Microcom: new applet, mount: make better use of fstab

Denys Vlasenko vda.linux at googlemail.com
Wed Sep 12 12:06:56 UTC 2007


On Wednesday 12 September 2007 08:18, Vladimir Dronnikov wrote:
> Hello, Denis!
> 
> 1) microcom

+       // compose lock file name
+       if ( !device ) return ENODEV;
+       if ( strchr(device, '/') ) device = strrchr(device, '/')+1;
+       if ( !*device ) return ENODEV;
+       device_lock_file = xasprintf("/var/lock/LCK..%s", device);
+
+       // someone has already locked the device?
+       // ...yes? nothing doing
+       if ( !stat(device_lock_file, &st) ) {
+               return EEXIST;
+       }
+
+       // seems device is free -> lock it now!
+       fd = open(device_lock_file, O_CREAT | O_RDWR, 0640);
+       if ( fd < 0 ) {
+               return EPERM;
+       }
+       s = xasprintf("%10d\n", getpid());

This is racy, and lacks O_TRUNC too.

Don't stat. Simply use open(..., O_WRONLY|O_CREAT|O_TRUNC|O_EXCL, 0644)

If it fails, then file probably exists (because of O_EXCL).
If it succeeds, there was no file and you already created a new one.

Why "%10d" and not "%d"?

I also wonder what will happen if user *can* open /dev/ttyS0,
but can't create /var/lock/LCK..ttyS0 because of permissions.
Something like -f(orce) flag can be useful.

+       unlink(device_lock_file);
+       if (ENABLE_FEATURE_CLEAN_UP && device_lock_file) free(device_lock_file);

Superfluous check for device_lock_file != NULL. if device_lock_file == NULL,
unlink will segfault before you reach if().

+       if ( (errno=lock_device(argv[0])) ) {
+               bb_perror_msg("Can't lock device");


Why do you invent error code (EPERM)?

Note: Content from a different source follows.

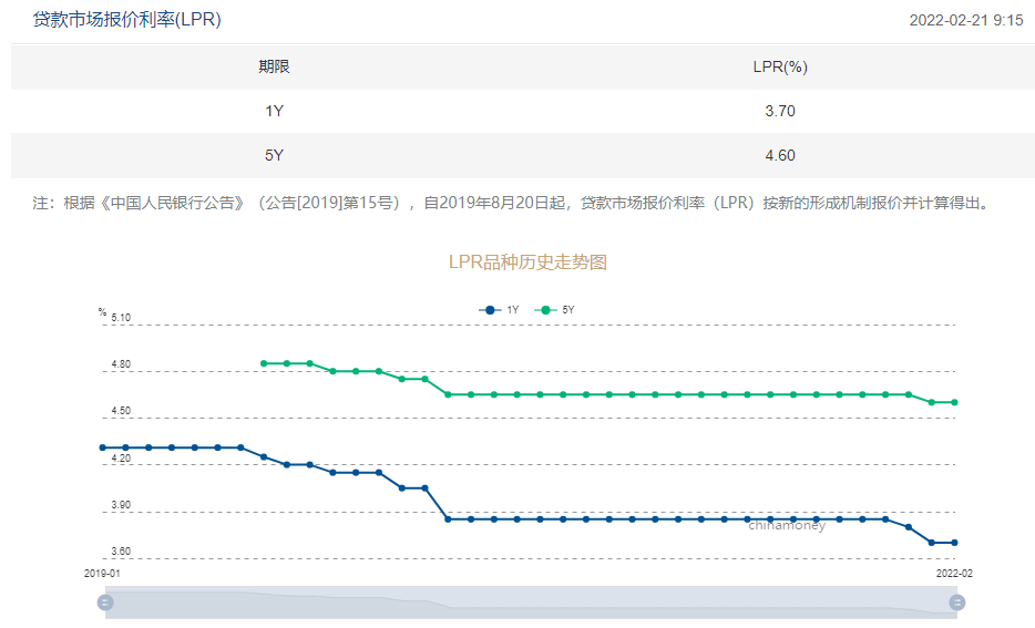 而在2021年12月和2022年1月份連續(xù)兩次LPR報(bào)價(jià)中,1年期連降,5年期降1次,以上LPR合計(jì)分別下降了15個(gè)基點(diǎn)和5個(gè)基點(diǎn)。

The reason can be different
(say, /var/lock doesn't exist).
I think better way would be to explicitly say
"cannot create lock file FILE: <errno>" - less confusing.

+                       len = read(STDIN_FILENO, bb_common_bufsiz1, 100); if (len > 0) write(fd, bb_common_bufsiz1, len);

Not very readable.

+       do {
+               fd_set rfs;
+
+               FD_ZERO(&rfs);
+               FD_SET(STDIN_FILENO, &rfs);
+               FD_SET(fd, &rfs);
+
+               select(FD_SETSIZE, &rfs, NULL, NULL, NULL);

When you have fixed set of fds to check, code using poll
tends to ba smaller by ~100 bytes than select.
These FD_xxx macros produce nasty big code, and fd_set uses 128 bytes on stack.

+       puts("goodbye!\r\n");

Can this fool user into thinking that it came from remote machine?